• [About this exercise]
Copy, please, the line with "السبت شباب مرخه" and each line that follows it through the end of the data below, exactly as given and without pictures.

• [Items listed in a dataset]
BEGIN

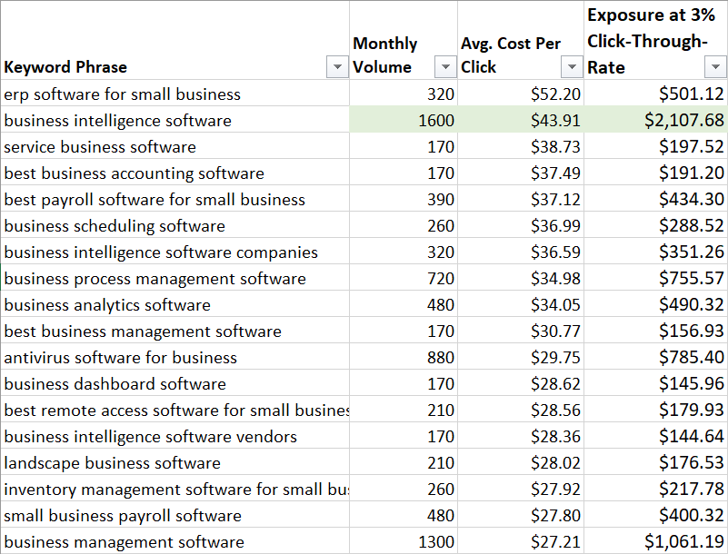 In order to get the “Exposure” column I simply take the estimated volume and multiply by the cost per click, then multiply by 3 percent which is a moderate expected click-through rate.
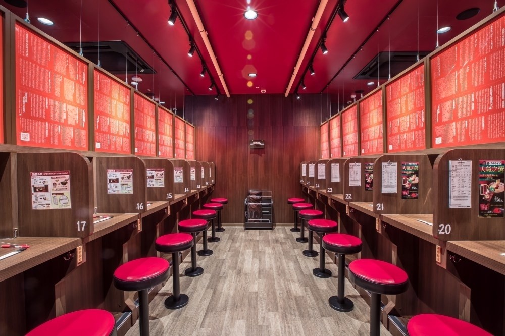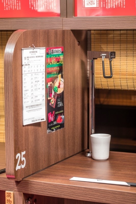 像是為什麼拉麵湯頭加入碗裡之後,要在30秒裡放進麵條?而完成後為什麼要在15秒內送到客人手上?為什麼要把座位打造成一格一格的方式?或是想要加麵的時候都會有獨特的聲響,其實這些方式都有其意義存在
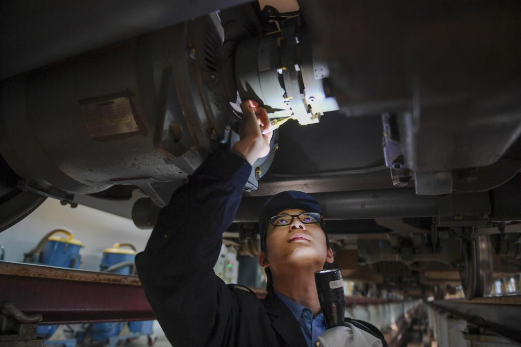 1月20日,在位于福州城北的動(dòng)車檢修車間,李長(zhǎng)安在檢修車輛。
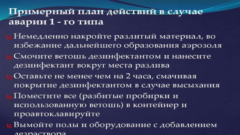 инфицированный материал, или проливании жидкого инфицированного материала надо сообщить преподавателю.
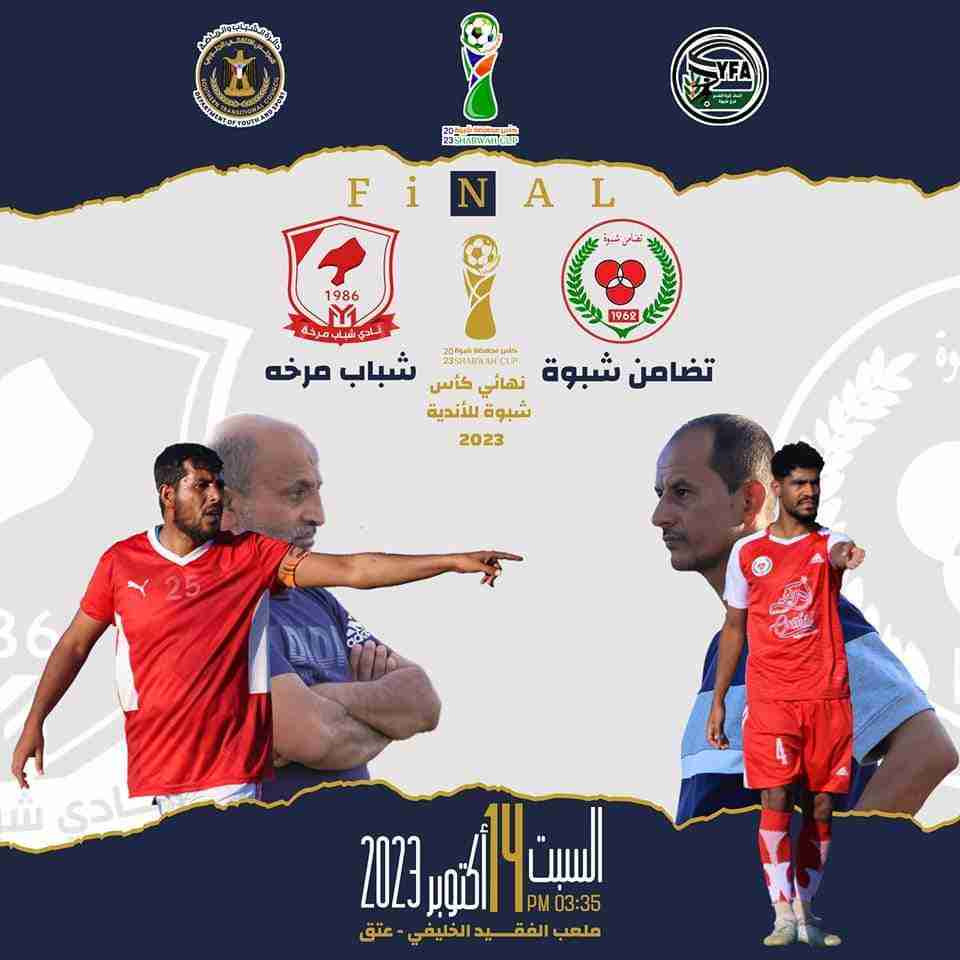 السبت شباب مرخه يواجه التضامن في نهائي كأس محافظة شبوة للأندية 2023 برعاية دائرة الشباب والرياضة في المجلس الإنتقالي الجنوبي، وتحت إشراف مكتب الشباب والرياضة م/شبوة وإد...
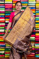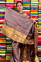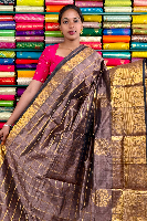 Kuppadam Pattu Gold Zari And Check Dark Snuff Saree

END

• [Output for this task]
 السبت شباب مرخه يواجه التضامن في نهائي كأس محافظة شبوة للأندية 2023 برعاية دائرة الشباب والرياضة في المجلس الإنتقالي الجنوبي، وتحت إشراف مكتب الشباب والرياضة م/شبوة وإد...
 Kuppadam Pattu Gold Zari And Check Dark Snuff Saree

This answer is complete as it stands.